- Infielder
- Born: April 26, 1913 Swoyersville, Pennsylvania, U.S.
- Died: May 15, 1998 (aged 85) Elmira, New York, U.S.
- Batted: RightThrew: Right

MLB debut
- July 12, 1938, for the Brooklyn Dodgers

Last MLB appearance
- September 7, 1938, for the Brooklyn Dodgers

MLB statistics
- Batting average: .189
- Home runs: 0
- Run batted in: 5
- Stats at Baseball Reference

Teams
- Brooklyn Dodgers (1938);

= Packy Rogers =

American baseball player (1913-1998)

Stanley Frank "Packy" Rogers, born Hazinski (April 26, 1913 – May 15, 1998), was an American professional baseball player, manager and scout.
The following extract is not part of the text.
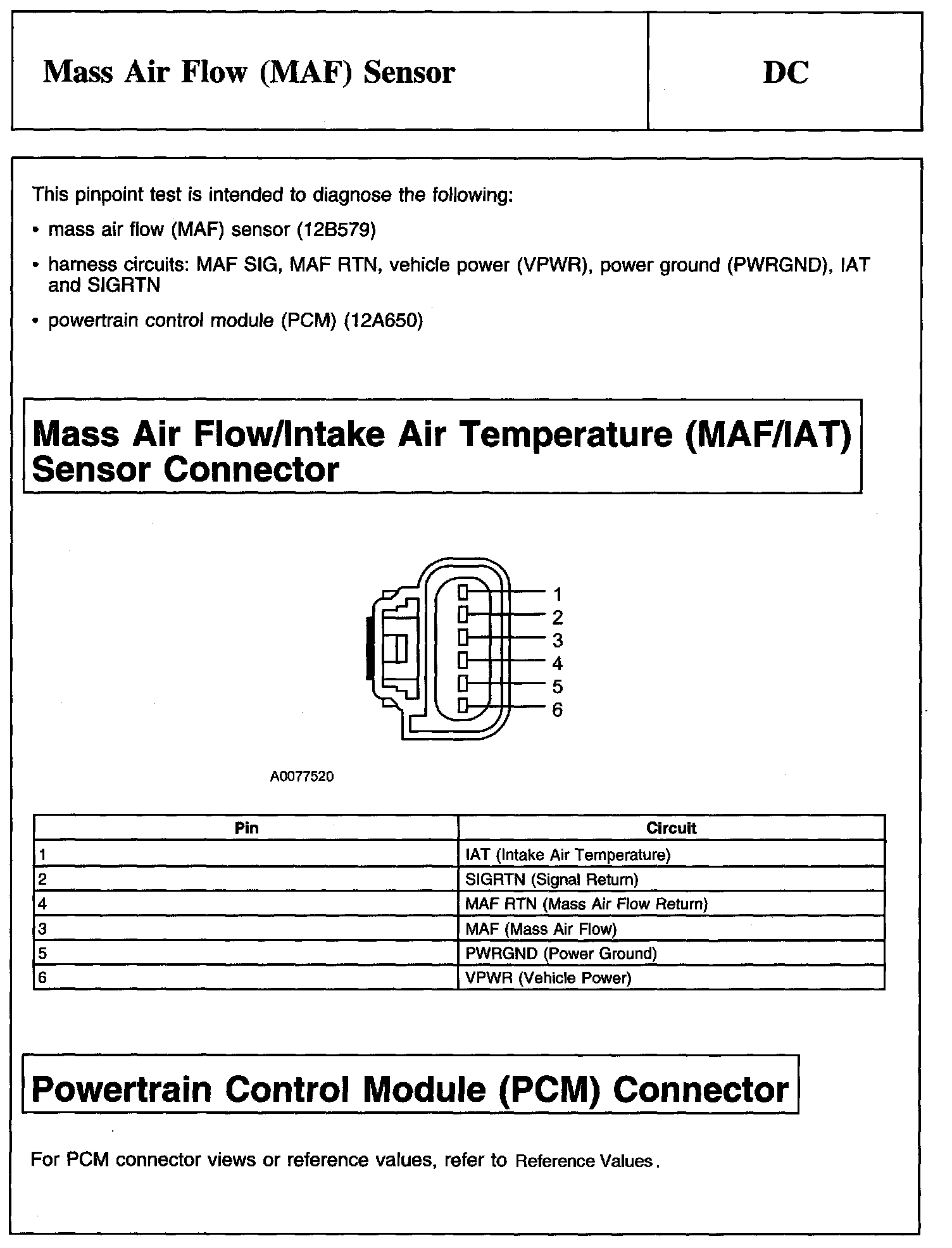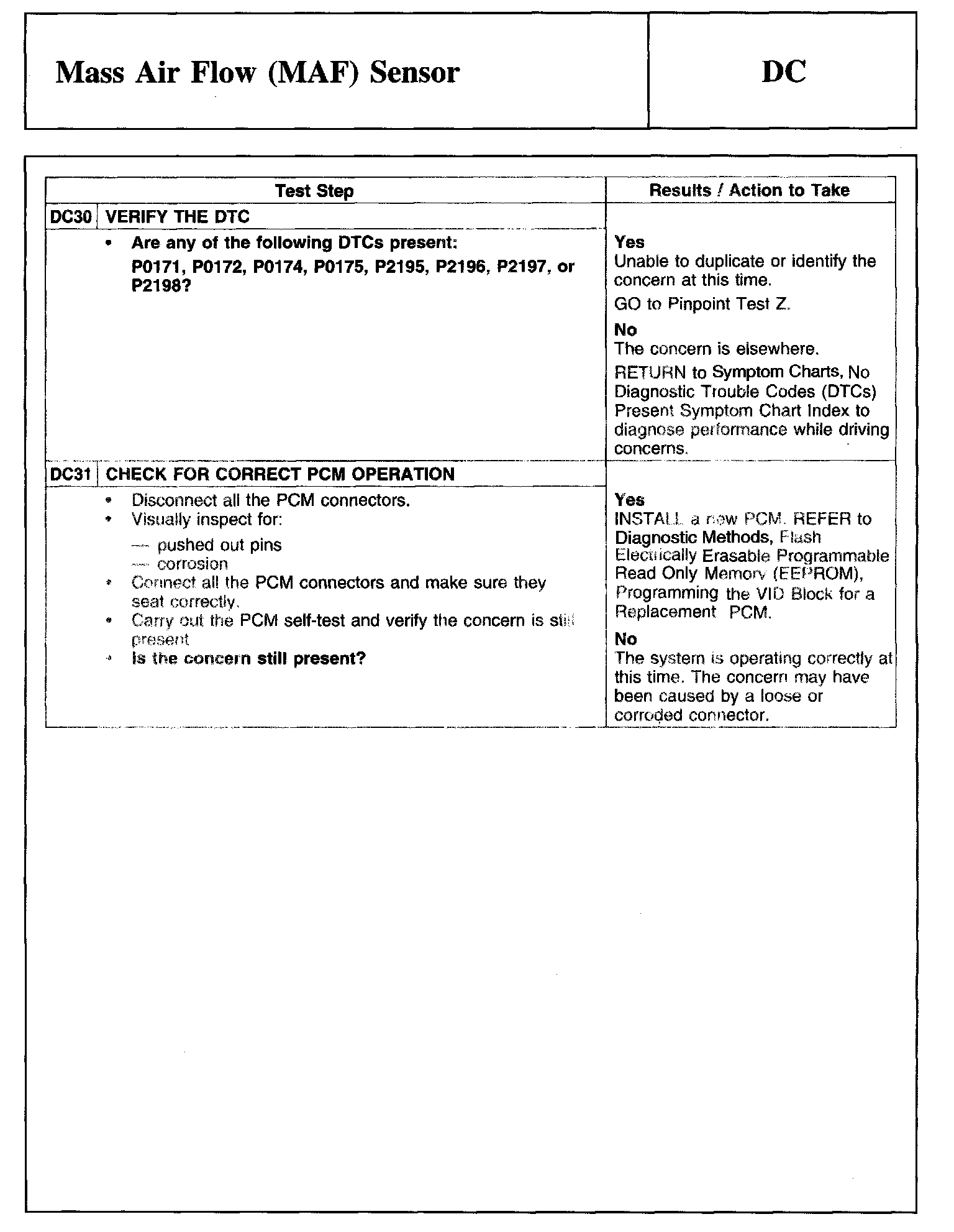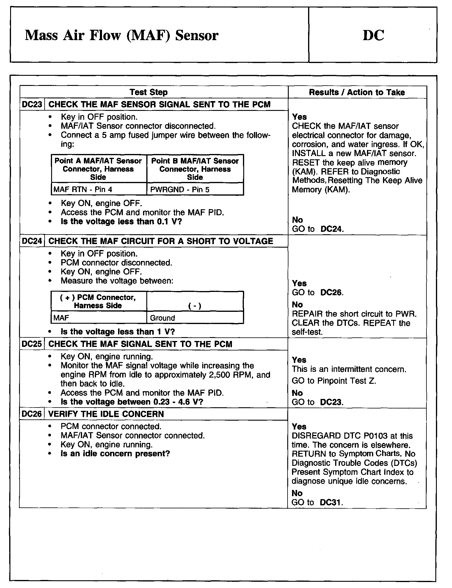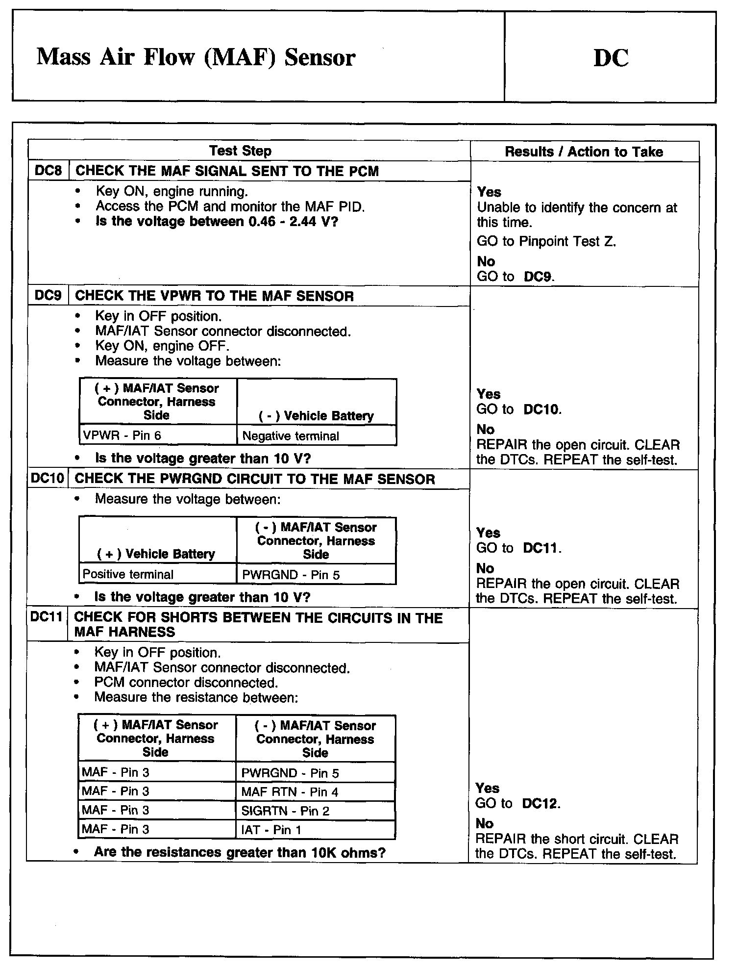 PINPOINT TEST DC: MASS AIR FLOW (MAF) SENSOR

An infielder, he appeared in 23 games for the Brooklyn Dodgers. The native of Swoyersville, Pennsylvania, threw and batted right-handed, stood 5 ft 8 in tall and weighed 175 lb. He attended Fordham University.

Rogers' professional career began in 1936 included all or parts of 14 seasons as an active player. During his 23-game stint with Brooklyn, he collected seven hits, with three of them coming in his MLB debut on July 12, 1938, against the New York Giants at Ebbets Field. Rogers, the Dodgers' starting third baseman that day, hit two singles and a triple with three runs batted in, collected a base on balls, and scored a run, as Brooklyn defeated its arch-rivals, 13–5.

Rogers served in the United States Navy in the Pacific during World War II, then managed in the low levels of the minor leagues, from 1947 to 1959. He also scouted for the Minnesota Twins, beginning in 1960 when the franchise was still the Washington Senators. He died in Elmira, New York, at age 85.